Specifiche Tecniche del Fazioli F212

Questa tabella riassume l’anima costruttiva del F212, frutto della filosofia Fazioli che unisce innovazione a materiali di eccellenza.
| Specifica | Descrizione e Materiali |
| :— | :— |
| Dimensioni e Peso | Lunghezza: 212 cm, Larghezza: 156 cm, Peso: ~380 kg. |
| Tavola Armonica | Abete rosso di risonanza della Val di Fiemme (stessa riserva dei violini Stradivari), stagionato naturalmente. |
| Meccanica | Meccanica a doppio scappamento Fazioli con componenti Renner personalizzati. Tasti in avorio sintetico ed ebano. |
| Corde | Acciaio Röslau per gli acuti, bassi avvolti a mano. Sistema di aggancio con ponticelli indipendenti per una trasmissione ottimale. |
| Telaio | Telaio in ghisa interamente colato a pressione, progettato per una tensione delle corde ottimizzata (barramento asimmetrico). |
| Pedaliera | Sistema a leva diretta. Pedale tonale (centrale) con effetto una corda e mezza corda selezionabile. |
| Finitura | Lucido nero poliestere (standard).
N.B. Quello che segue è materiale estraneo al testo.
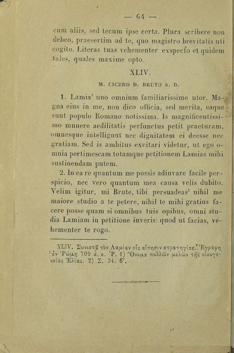 Σχολικό εγχειρίδιο Λατινικών που περιλαμβάνει αποσπάσματα από τις επιστολές του Κικέρωνα, εισαγωγή στη ζωή και το έργο του και ερμηνευτικά και πραγματολογικά σχόλια.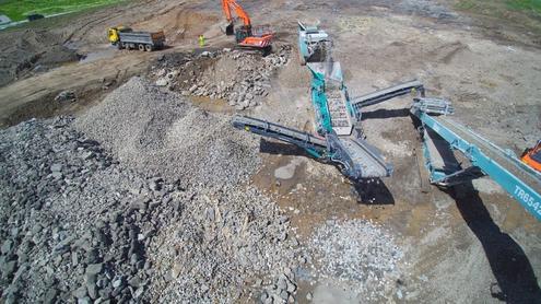 The crusher and screen are working together processing the material that was both reused within the A556 project and hence saving costs, as well as being taken to a variety of other projects throughout the North West. Product created from the crushing and screening include a MOT Type 1, 6F2 and drainage stone. It is estimated that the new bypass stretches four miles and will carry more than 51,000 vehicles every day.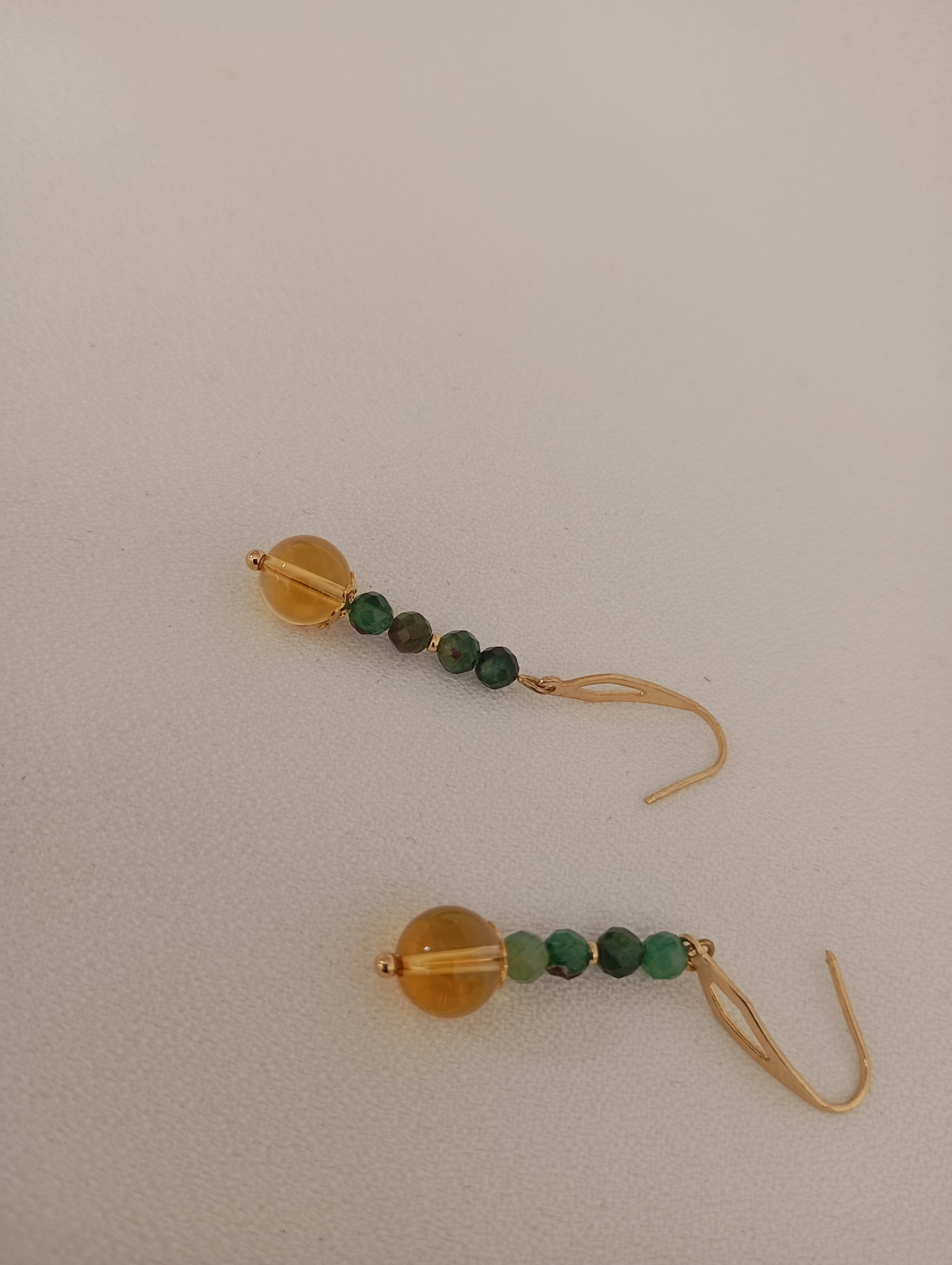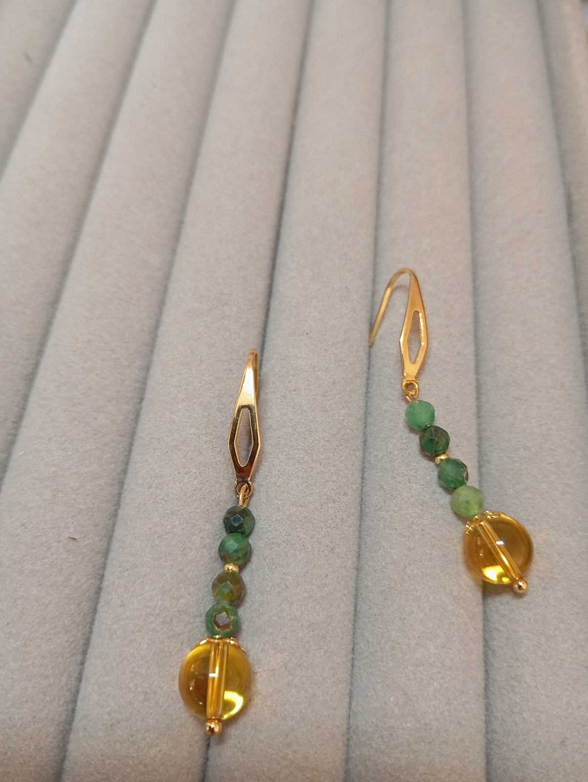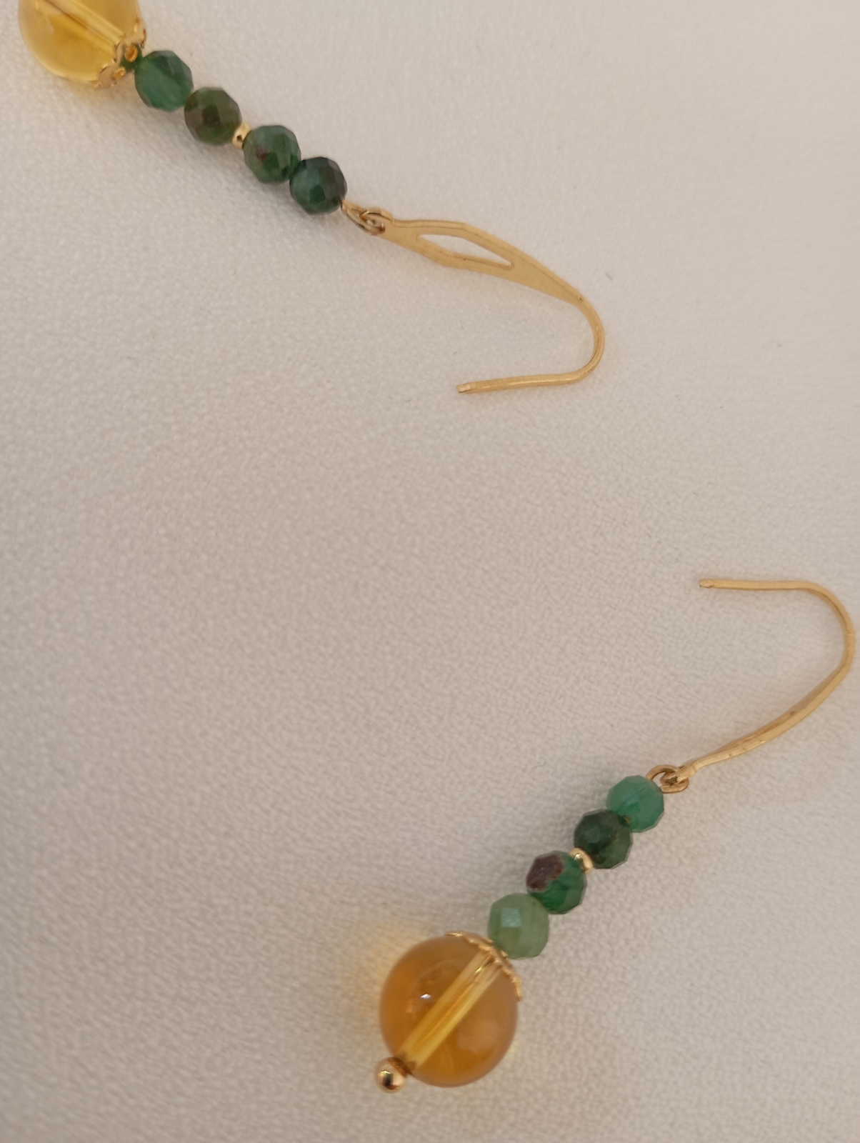 Cercei handmade realizati cu pietre semipretioase Citrin galben miere, 8 mm si margele smarald brut 4 mm.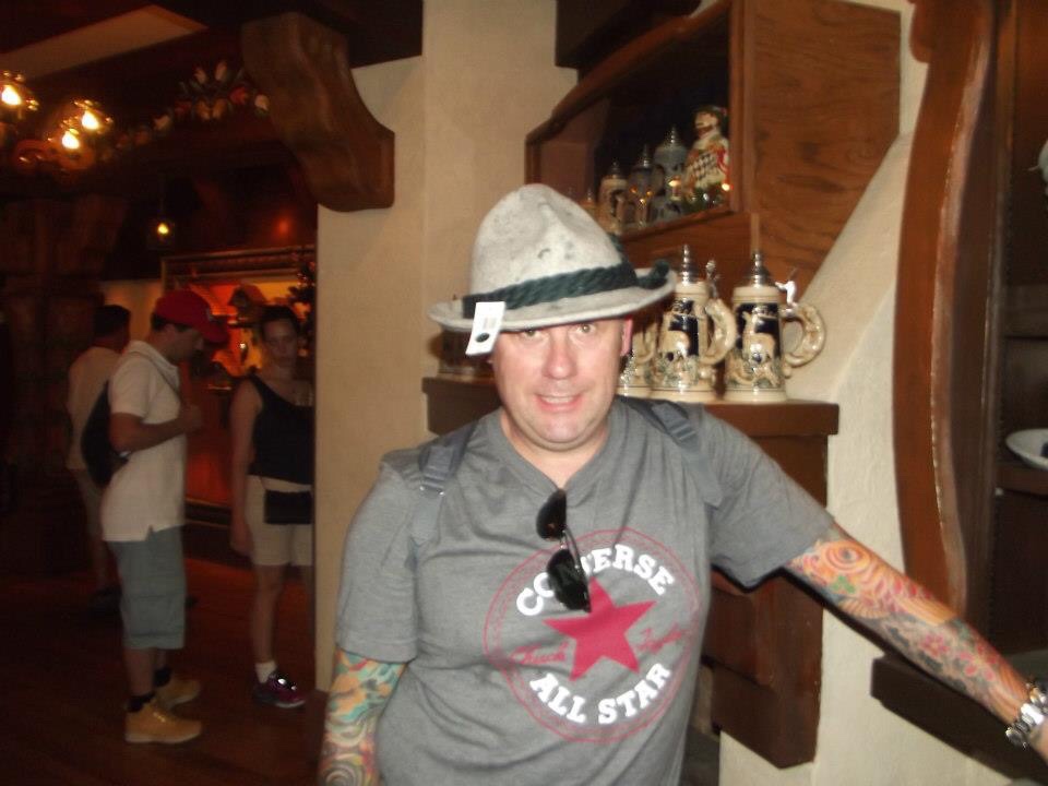 Out here is a stage where 3 guys in lederhosen and little green hats sing and dance and do the classic beer hall dance of clapping and slapping. The Grooving Alps they are called, very very funny. Nearby is the Snow White meet and greet by the wishing well. (Normally a large queue for this.)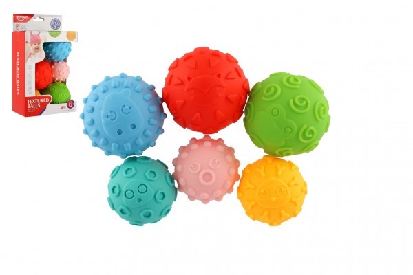 Sada míčků 6ks s texturou gumové 6-8cm v krabici 15x24x8cm 6m+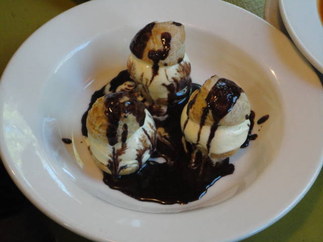 Classic proferoles with vanilla ice cream and warm chocolate sauce.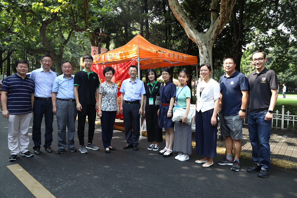 市教委领导、学校领导、书院领导和学院领导先后来到迎新摊位,看望新生和家长,慰问迎新工作人员。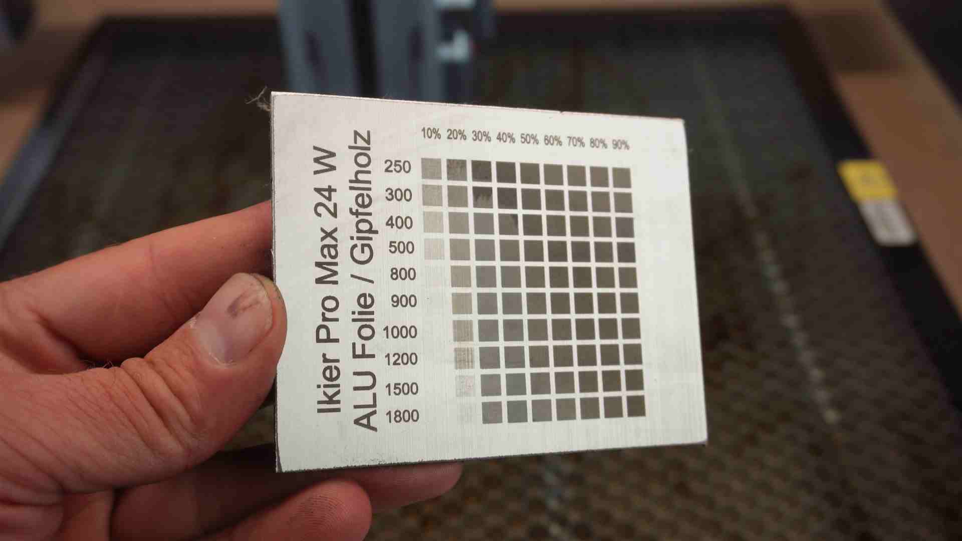 Lasern mit dem Ikier K1 Pro Max 48Watt . Hier einige Beispiele mit Werten aus dem Video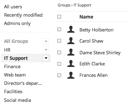 We can now filter the users that belong to a certain group with the click of a button. When selecting a group the edit or/and delete button becomes active depending on the role. The breadcrumb also changes, and a sidebar containing group information is displayed.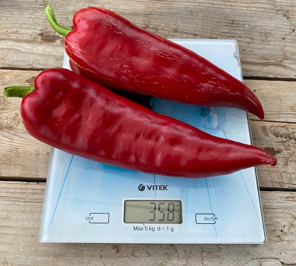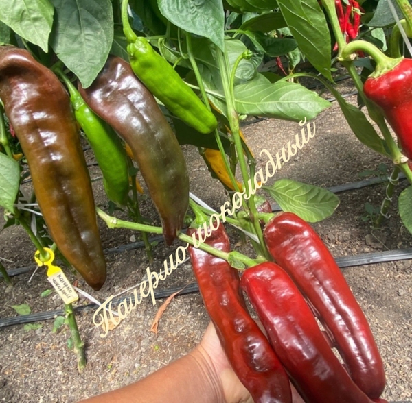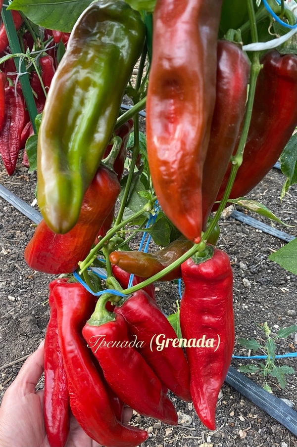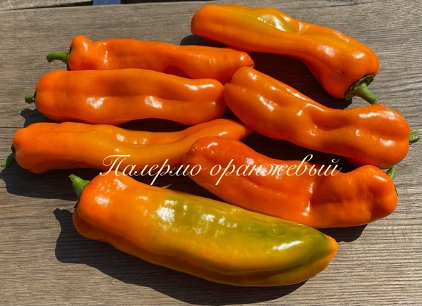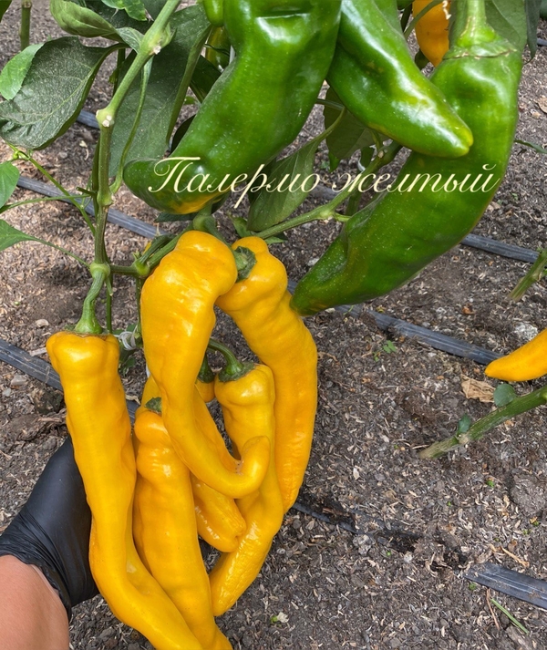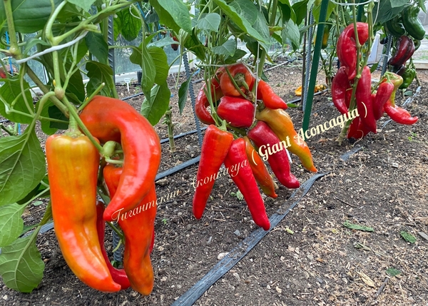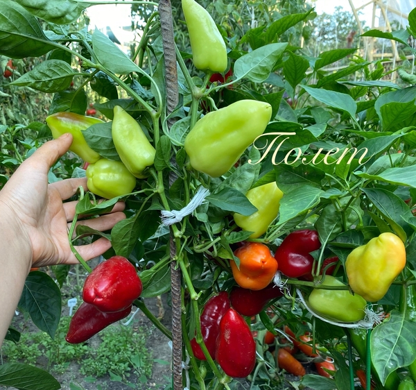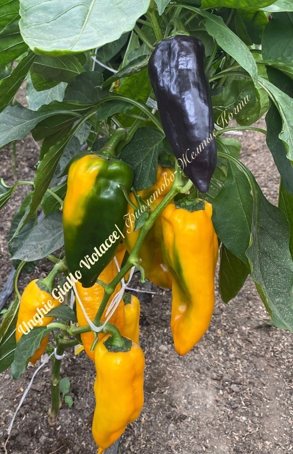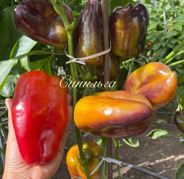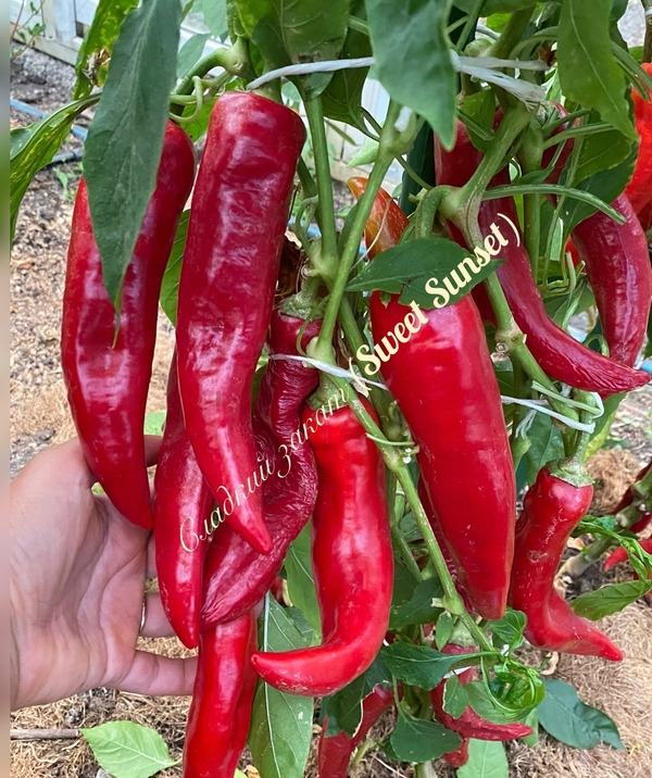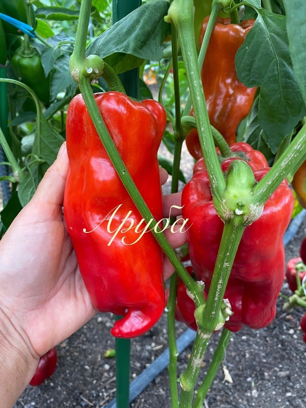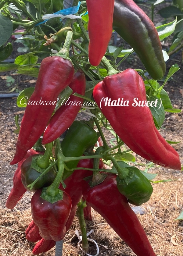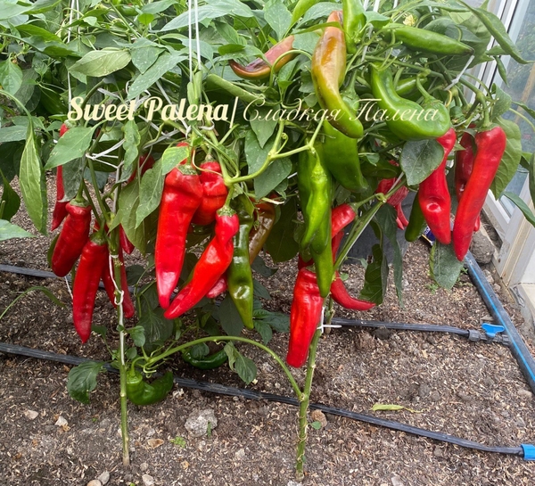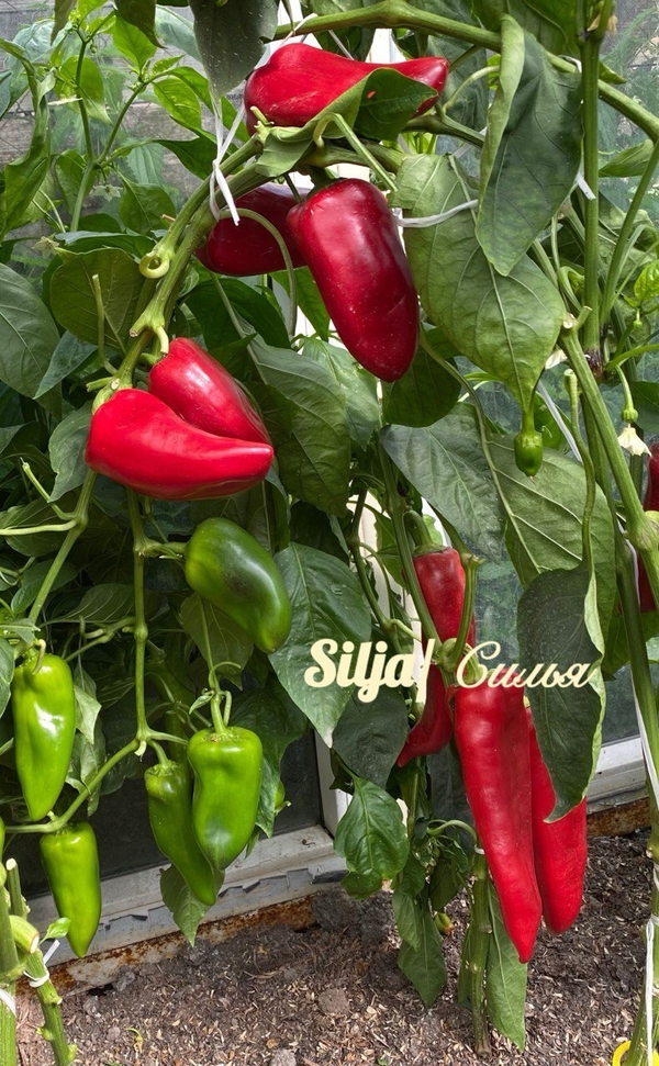 Высокорослый, ранний. Плоды длинной до 30 см., созревают от бледно-желтого до оранжево-красного цвета. Очень ароматный. Идеален для жарки, гриля, пиццы. Урожай потрясающий — куст стоит как на подпорках.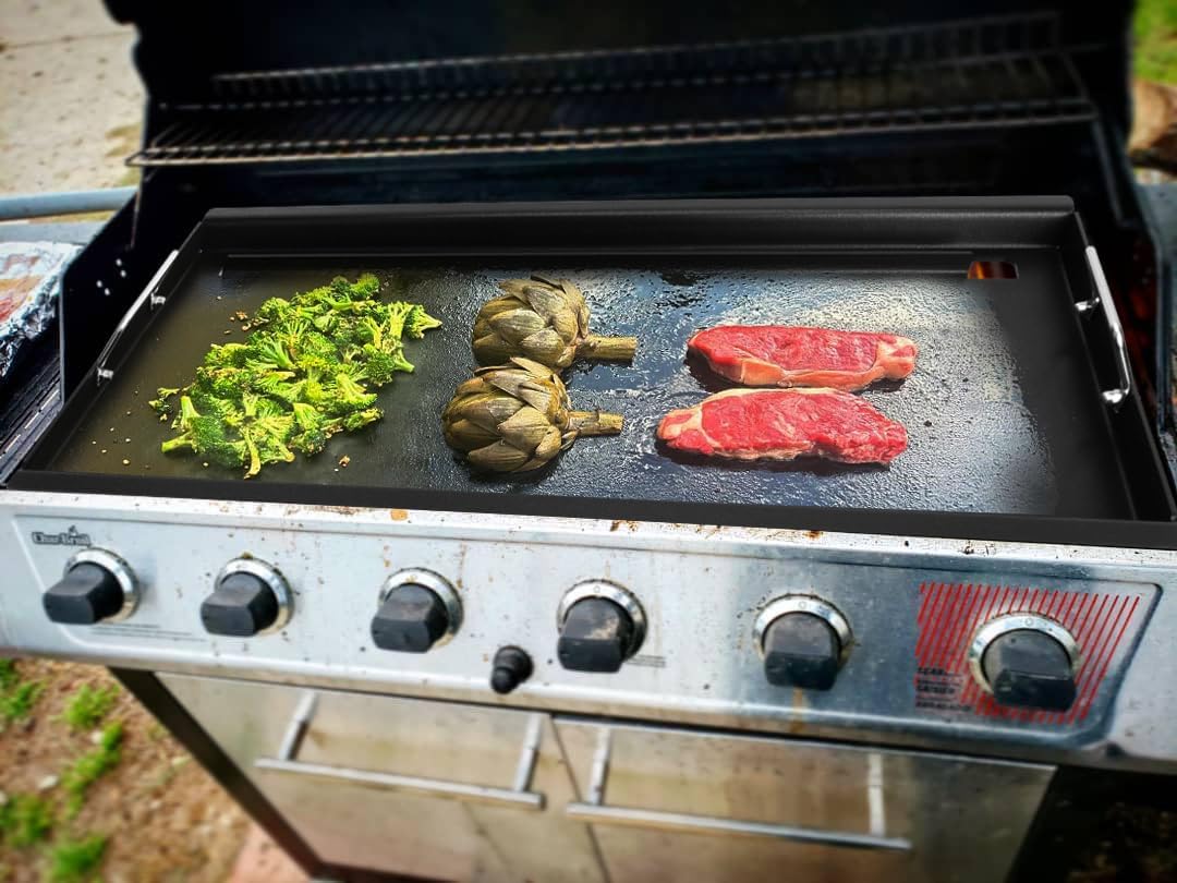 - 【Features】The inserts griddle is closer to the fire source and heats up more easily than other griddles placed on the grates to achieve the temperature needed to cook delicious food. Before use, please remove the grate & emitter plates to achieve closer to the heat source. The surface of the baking pan is made of coating, durable and easy to clean, need to be heated and oiled 1-2 times before use for better results.

Finiture in legno pregiato (Radica di Noce, Palissandro, Ebano Macassar) su commissione. |
| Prezzo Indicativo (Nuovo) | Range da € 180.000 a € 250.000+, in base alla finitura e alle personalizzazioni. |
Primi Tasti: La Sensazione al Tocco
Sedersi alla tastiera di un Fazioli F212 è un’esperienza che ridefinisce il concetto di controllo. La meccanica, regolata con tolleranze infinitesimali, offre una risposta dinamica lineare e prevedibile. Il peso della tastiera è perfettamente graduato: i bassi offrono una resistenza sostanziosa ma mai faticosa, che si alleggerisce progressivamente verso acuti di una leggerezza e rapidità eccezionali. Il doppio scappamento permette ripetizioni velocissime e precise, essenziali per il repertorio virtuosistico. L’ergonomia dei tasti e la sensazione di “connessione diretta” con il martello sono immediatamente percepibili.
L’Analisi del Suono: Purezza e Potenza
Il suono del F212 è la sua carta d’identità. Non cerca la calda rotondità di un Bösendorfer né il carattere corposo e “orchestrale” di uno Steinway. La sua vocazione è la chiarezza assoluta, la separazione delle voci e un sustain naturale di lunga durata.
- Registro dei Bassi: Profondo, definito e straordinariamente articolato. Ogni nota mantiene la sua identità senza diventare confusa, anche negli accordi più complessi. La fondamentale è potente, ma è l’armonico a risaltare con chiarezza.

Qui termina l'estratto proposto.